Firing-squad executions of civilians have been historically rare—the first took place in the American colonies in 1608, and since then, only 144 people have been executed by shooting. Drawing data-based conclusions about its merits relative to more widely used execution methods is therefore difficult. But Sigmon was probably right that the firing squad represents a faster and more reliable way to die than both the pseudoscientific methods produced in modernity (electrocution, gas, and lethal injection) and more antique methods such as hanging and old-world burning. In her chapter of the 2024 book The Elgar Companion to Capital Punishment and Society, the professor and legal scholar Deborah Denno points out that an electrocardiogram test conducted during a firing-squad execution in 1938 found that the prisoner’s heart stopped within seconds of being shot, and that the prisoner was pronounced dead only two minutes later. Denno adds that in one of the most medically exhaustive analyses of various execution methods, the British scientist Harold Hillman “concluded that execution by firing squad featured among the lowest levels of potential pain.”

Nevertheless, firing-squad executions were eventually superseded by methods thought to be less bloody—namely lethal injection, which arrived in the late 1970s as a medicalized and respectable means of execution analogized by some to putting animals to sleep. But the putative progress of lethal injection belied its propensity for cruel and horrific botches. Consider the 2018 case of Doyle Hamm, whose attempted execution via lethal injection lasted for roughly three hours, during which he was pierced with needles at least 11 times in the legs, feet, and groin; one needle punctured his bladder.

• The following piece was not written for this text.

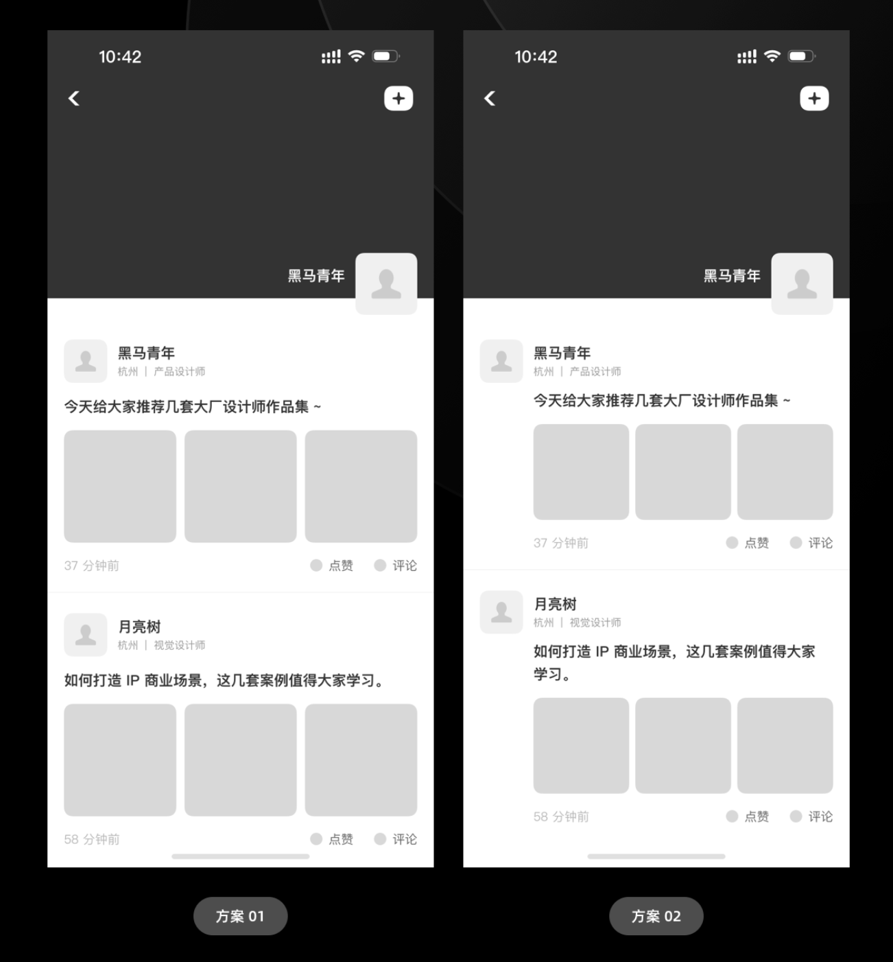 - 方案 02:左側(cè)展示發(fā)布者頭像與昵稱,右側(cè)展示動態(tài)內(nèi)容,強化用戶之間的關(guān)聯(lián)感
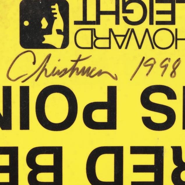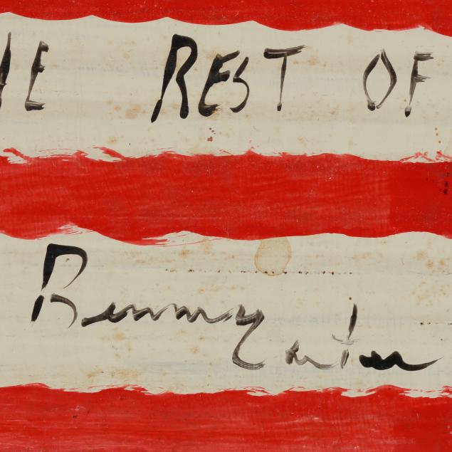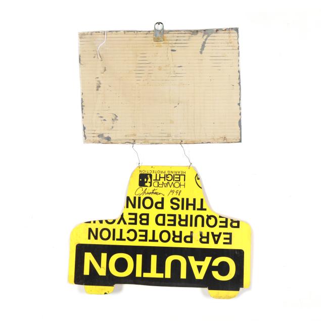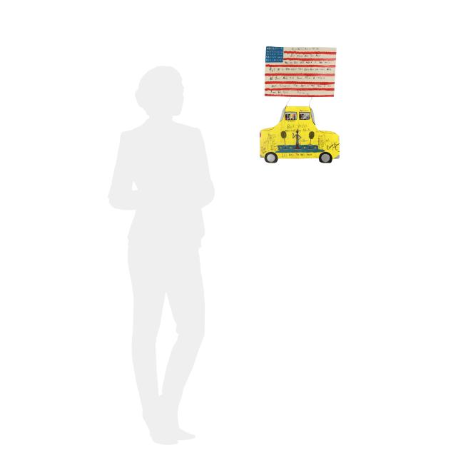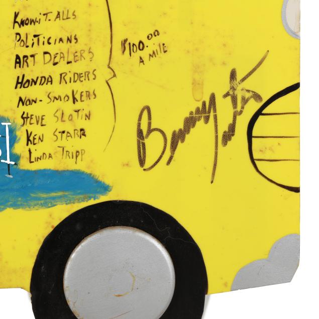 1998, hand-painted and assembled construction about "Slick Willie" and his taxi cab company in New York City, the top portion depicting an American flag on ribbed tin with inscription about Slick Willie; the lower portion made with repurposed plastic construction caution sign in the form of Slick Willie's taxi cab, inscribed "To Bill Jones" on lower left portion and signed by the artist to lower right, the verso dated "Christmas 1998."

As a result, lethal injection has been the subject of fierce litigation, which has culminated in a convincing impeachment of the technique in the public’s mind.

That litigation has also led to a particular legal development involving challenges on the grounds of the executional method: A prisoner protesting a particular method must supply a readily available alternative, which motivates states to develop protocols for additional methods. Thus lethal injection itself may soon be superseded by firing squad or suffocation via nitrogen hypoxia. The churn of old methods and new will continue indefinitely as states fight to continue executions by whatever means necessary.